Un récent rapport publié par l’Organisation des Nations unies pour l’alimentation et l’agriculture exprime de sérieuses inquiétudes concernant « l’impact négatif considérable » des usines de farine et d’huile de poisson sur les stocks de poissons du Sénégal.
 
Djibril ajoute qu’ “avant la mer était propre, c’était très net en dessous, on arrivait à voir de nombreuses espèces mais ce n’est plus possible à cause de la pollution de l’eau, il y a beaucoup de déchets. Il y a des espèces comme les tortues qui vivent des algues marines mais parfois elles confondent leur nourriture habituelle avec les sachets plastiques qui sont au fond de la mer et ça les tue. Nous lançons également un appel aux autorités pour la protection de ces aires marines surtout dans la délivrance des licences de pêche car les bateaux cargo présents dans la zone raclent les fonds marins et ne laissent plus aucun poisson surtout les petits poissons. Il ne reste plus rien ». 
 
Cet appel des plongeurs de Ngor fait écho aux alertes répétées de Greenpeace Afrique sur les multiples menaces sur l’écosystème marin en Afrique de l’ouest.
 
Le Dr Aliou Ba, responsable de la campagne Océans à Greenpeace Afrique, partage cet avis. « La perte tragique de ces magnifiques espèces se reflète dans la destruction des stocks de poissons d’Afrique de l’Ouest », explique-t-il.

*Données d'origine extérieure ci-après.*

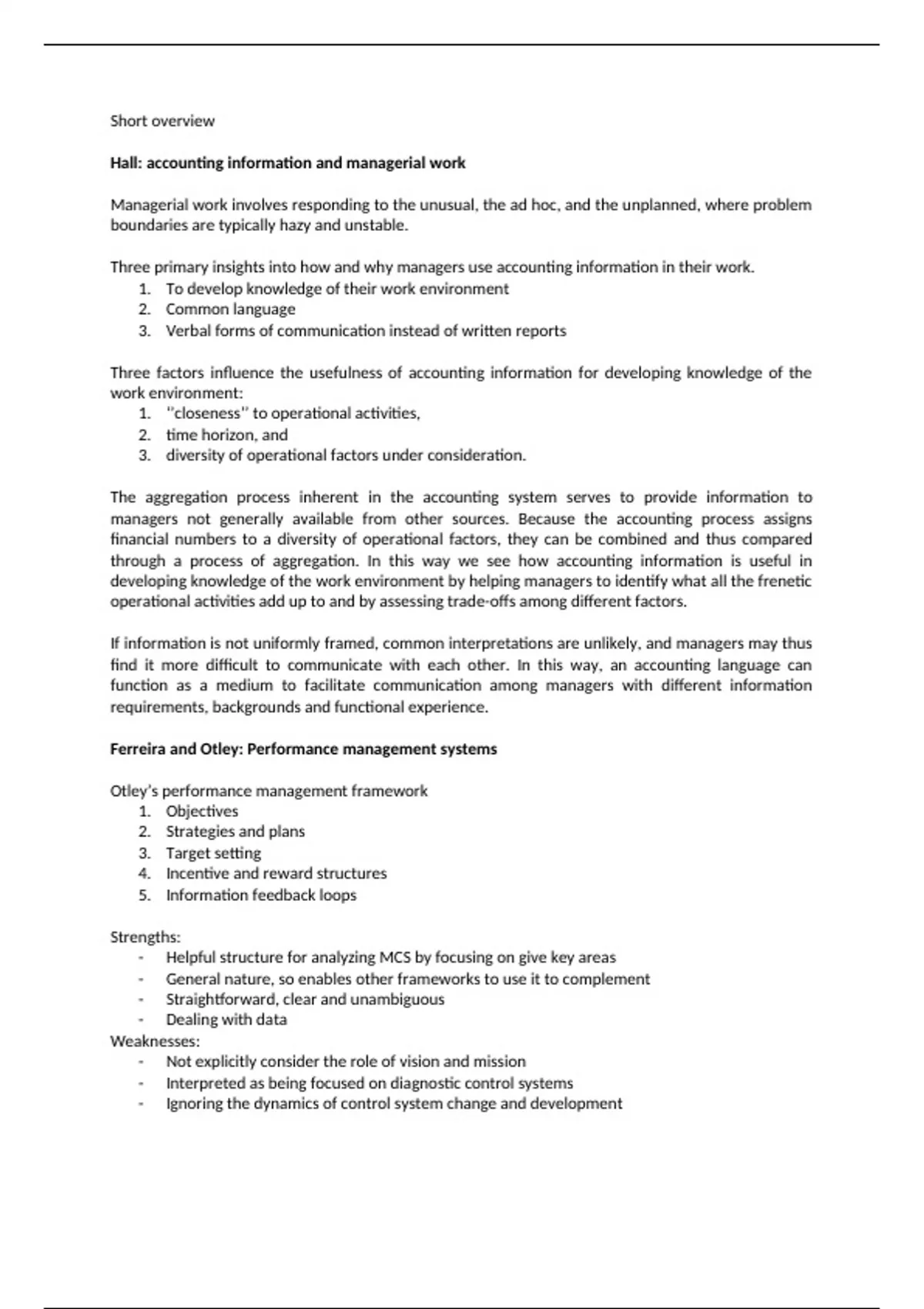 Note: this is a short overview of the important information of all articles. Hall, Ferreira and Otley, Malmi and Brown, van de Ven and Johnson, Malmi and Granlund, Tucker and Lowe, van der Volk et al., Choi et al., Speklé and Verbeeten, van Triest et al., Pfister and Lukka, Jansen et al., Malmi et al., Brandau et al., Goretzki et al., Janin, Horton and Wanderley
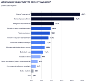 Najbardziej uderzająca jest jednak skala odmów udzielenia usługi najmu. Ponad 63% właścicieli nieruchomości przyznaje, że komuś odmówiło podpisania umowy najmu. Gdy pytamy „dlaczego?” najczęściej pada odpowiedź, że potencjalny najemca zrobił „złe wrażenie”. Aż 48% spośród tych, którzy odmówili potencjalnemu najemcy, wskazało to jako główny powód. Prawie połowa osób podjęła decyzję bez żadnych danych, opierając się tylko na swojej intuicji!

« La mer renferme une économie aux multiples facettes avec des dizaines de milliers d’acteurs aux profils variés dont il urge de sauvegarder l’outil de travail » ajoute-t-il.
 
Greenpeace Afrique appelle ainsi l’Etat à agir en urgence pour lutter contre la surexploitation des ressources halieutiques et à réguler les industries telles que celles de la farine de poisson qui constituent une grave menace pour la biodiversité marine.
 
Commentant les chiffres récents du Réseau mondial des crises alimentaires qui montrent que près de cinq millions de personnes au Sénégal sont déjà proches des niveaux de crise d’insécurité alimentaire, Dr Ba a déclaré : « Pour la même raison que les plongeurs sont privés du plaisir de découvrir la nature, les pêcheurs et les femmes transformatrices de poisson du Sénégal sont privés de leurs moyens de subsistance. Et les familles sénégalaises sont privées d’une alimentation abordable. L’État sénégalais doit arrêter les usines qui utilisent du poisson comestible et s’assurer que sa priorité va à son peuple et non à l’amélioration de la vie des pays plus riches.